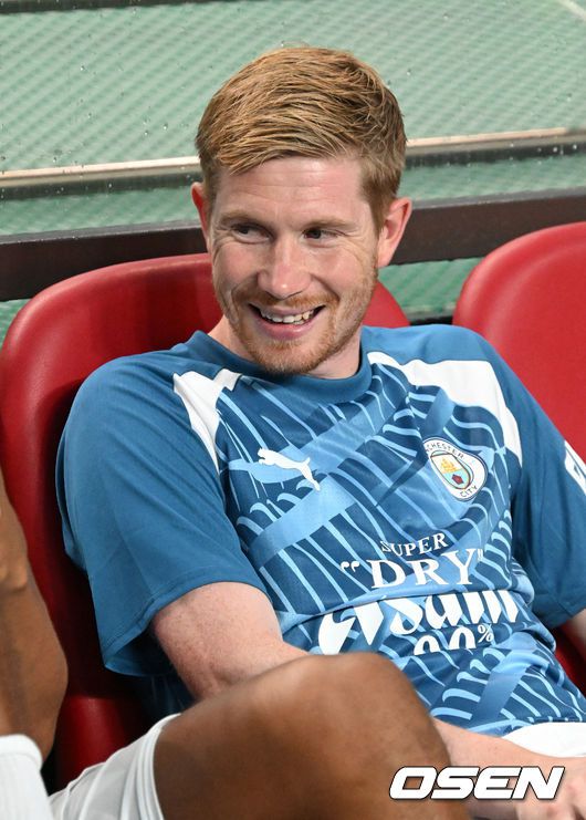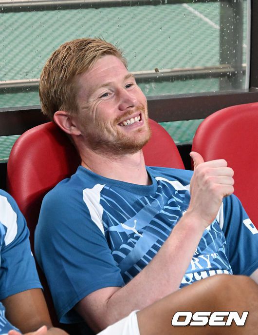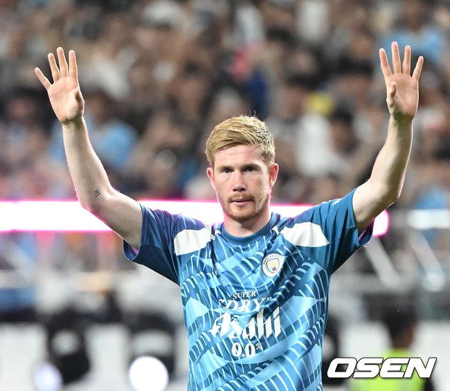 [OSEN=서울월드컵경기장, 서정환 기자] ‘김덕배형’ 케빈 데 브라위너(32, 맨시티)는 아쉽게 한국의 그라운드를 밟지 못했다. 하지만 팬서비스는 만점이었다.
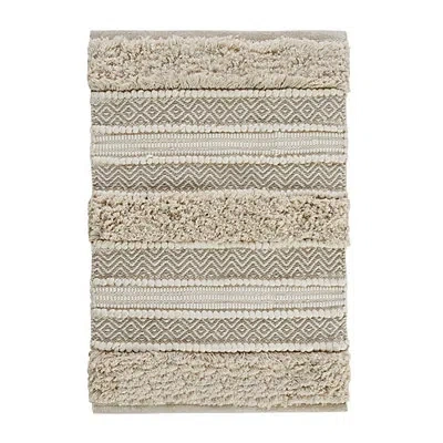 Neutral Tufted Stripes Woven Bath Mat In Brown
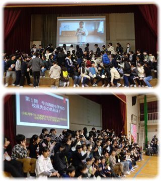 この後、みんなで歌った校歌は、今年度、浜田っ子全員がそろって歌う、最後の校歌。
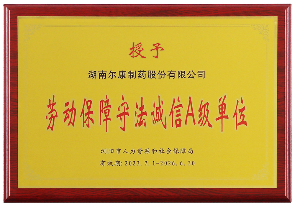 為督促用人單位遵守勞動保障法律法規,履行守法誠信義務、提高守法誠信意識,近日,瀏陽市人力資源和社會保障局經初步評價、實地檢查、綜合認定等程序,公布了2022年度用人單位勞動保障守法誠信等級評價結果,爾康制藥榮獲“勞動保障守法誠信A級單位”,A等級單位將優先享受推優推先及相關政策。
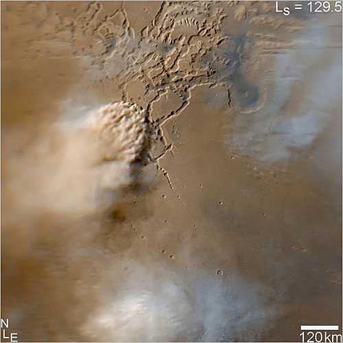 火星尘暴:虽然看起来很像火山喷发,但这张图片实际上反映的是一场尘暴。类似这样的风暴将尘埃颗粒卷到火星地表上空,由于水冰凝结在尘粒上,便形成了我们在图片中看到的纤细的白云。
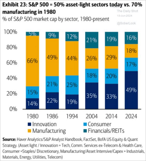 In 1980, nearly 2/3 of the S&P 500 was made up of manufacturing companies. Today that number is just 18%. Just 14% of the market was made up of “innovation” companies (i.e., tech). Today that number is 49%.
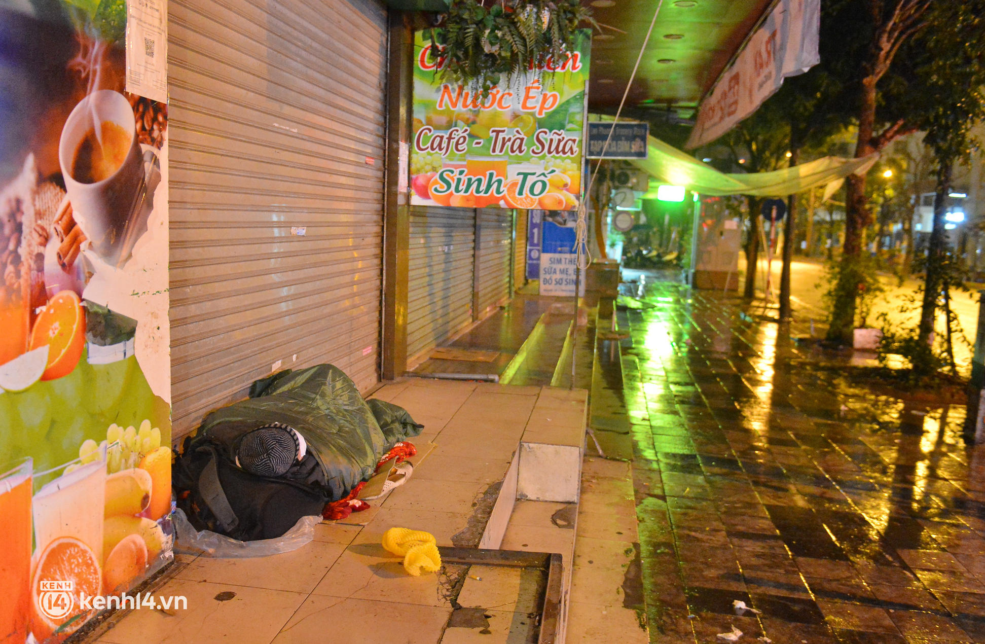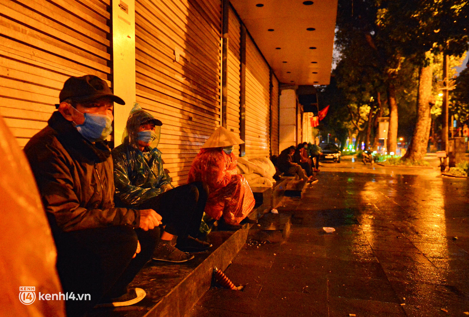 23h đêm trên phố Tràng Thi, Phủ Doãn, những người vô gia cư bắt đầu kéo chăn, nệm, ngủ trên vỉa hè. Trong số họ, một số người không có chăn, gối, họ đành chỉ mặc áo mưa, ngồi dúm dó một góc để tránh rét.
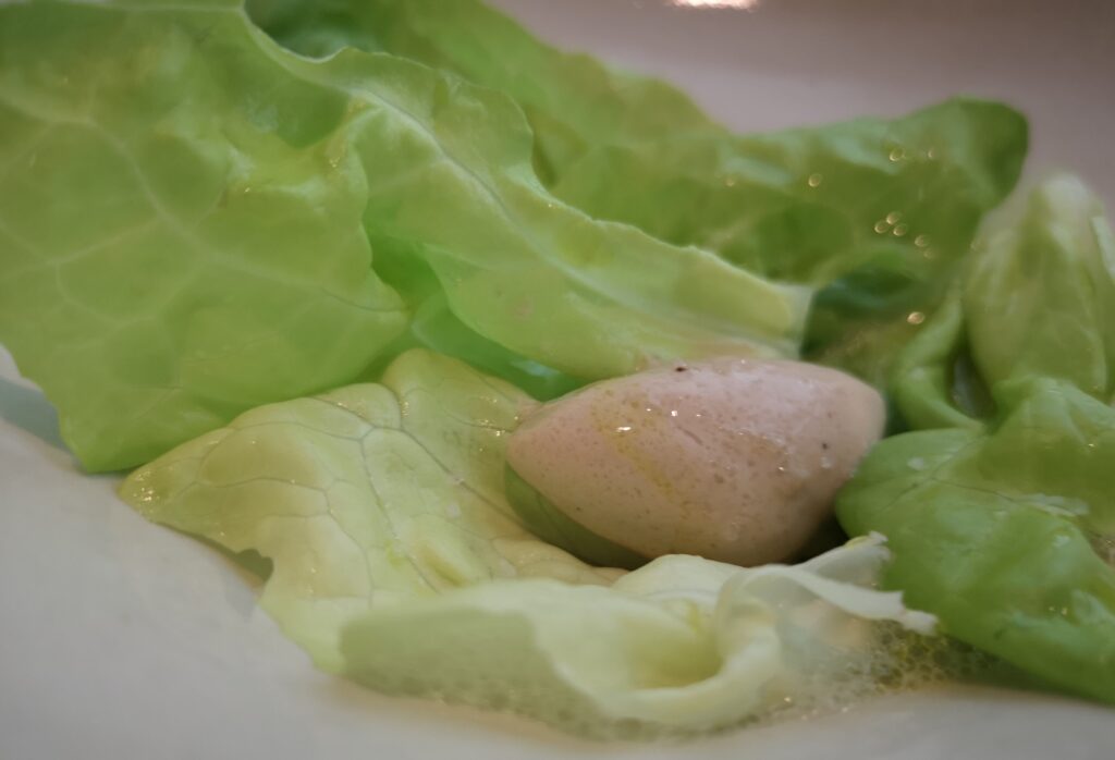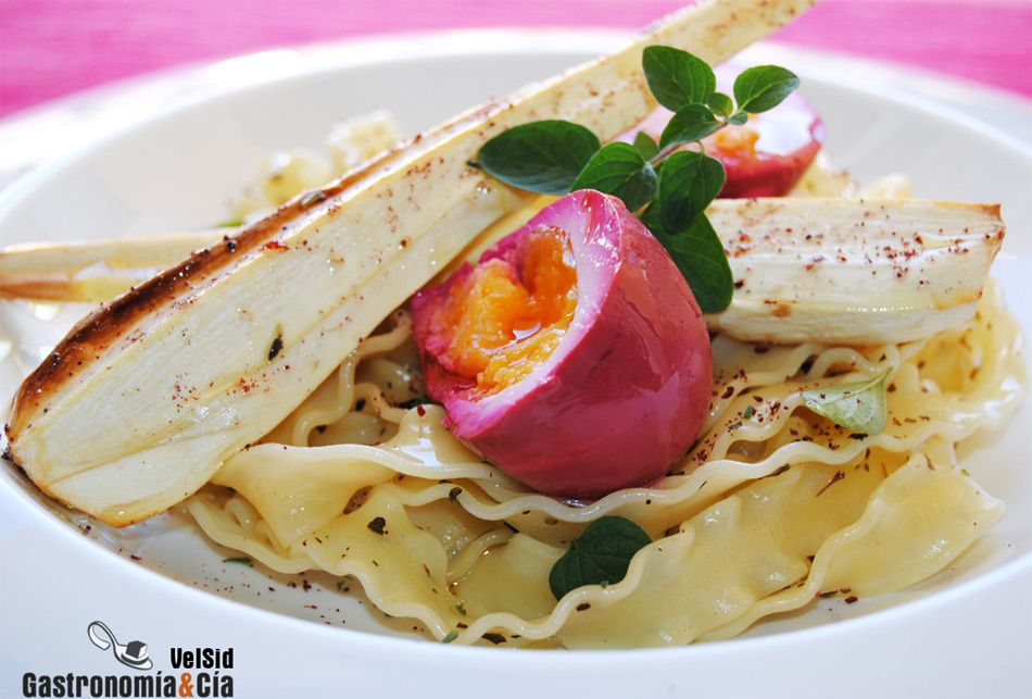 Mafaldine con chirivía asada y huevo púrpura
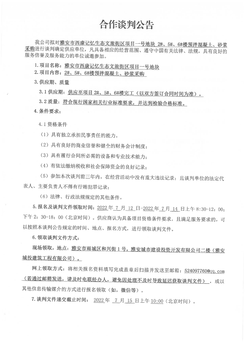 雅安市西康記憶生態(tài)文旅街區(qū)項目一號地塊2#、5#、6#樓預(yù)拌混凝土、砂漿采購合作談判公告
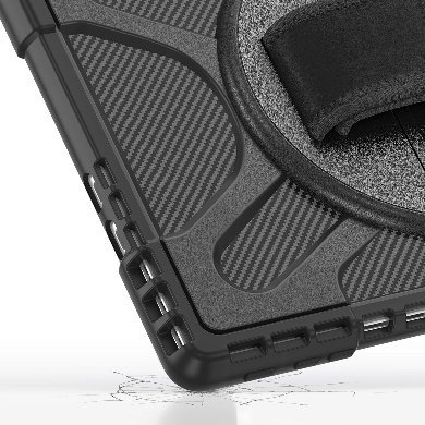 Incorpora una pulsera para facilitar su transporte. El peso de la funda es de 351 g, lo que la hace ligera y fácil de manejar. No cuenta con altavoces incorporados ni batería, lo que la convierte en una opción sencilla y funcional para la protección del dispositivo. Además, tiene la capacidad de entrar en modo espera, lo que contribuye a la eficiencia del uso del dispositivo.
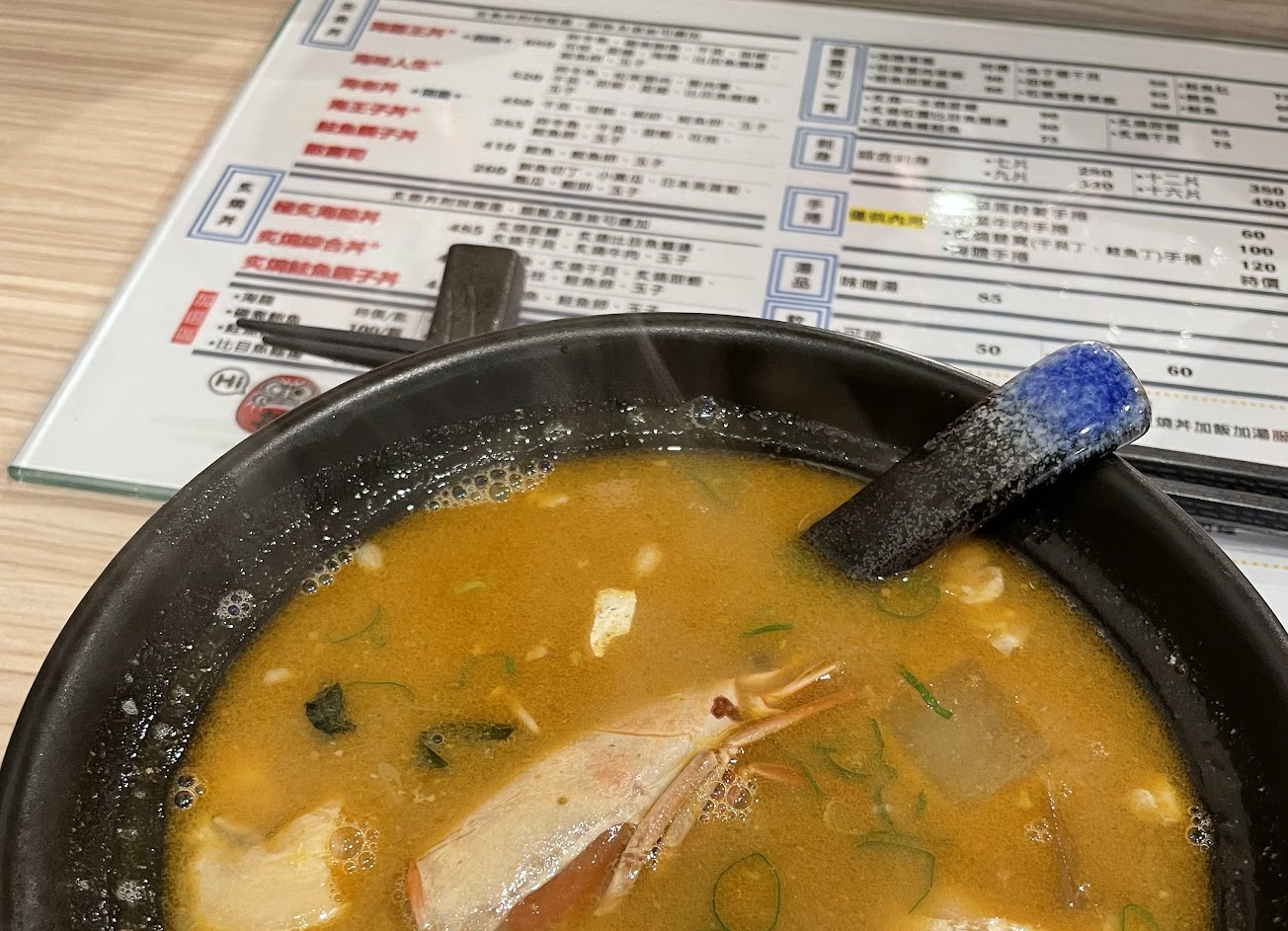 點丼飯有送味噌湯,有蔬菜+蝦頭去熬煮,好喝不會太鹹,超大一碗可以無限續

● WHAT YOU NEED TO DO
Quote verbatim every line starting at the line that contains "23h đêm trên" and ending with the last line of the records; omit all pictures.

● REPLY TO THE EXERCISE
 23h đêm trên phố Tràng Thi, Phủ Doãn, những người vô gia cư bắt đầu kéo chăn, nệm, ngủ trên vỉa hè. Trong số họ, một số người không có chăn, gối, họ đành chỉ mặc áo mưa, ngồi dúm dó một góc để tránh rét.
 Mafaldine con chirivía asada y huevo púrpura
 雅安市西康記憶生態(tài)文旅街區(qū)項目一號地塊2#、5#、6#樓預(yù)拌混凝土、砂漿采購合作談判公告
 Incorpora una pulsera para facilitar su transporte. El peso de la funda es de 351 g, lo que la hace ligera y fácil de manejar. No cuenta con altavoces incorporados ni batería, lo que la convierte en una opción sencilla y funcional para la protección del dispositivo. Además, tiene la capacidad de entrar en modo espera, lo que contribuye a la eficiencia del uso del dispositivo.
 點丼飯有送味噌湯,有蔬菜+蝦頭去熬煮,好喝不會太鹹,超大一碗可以無限續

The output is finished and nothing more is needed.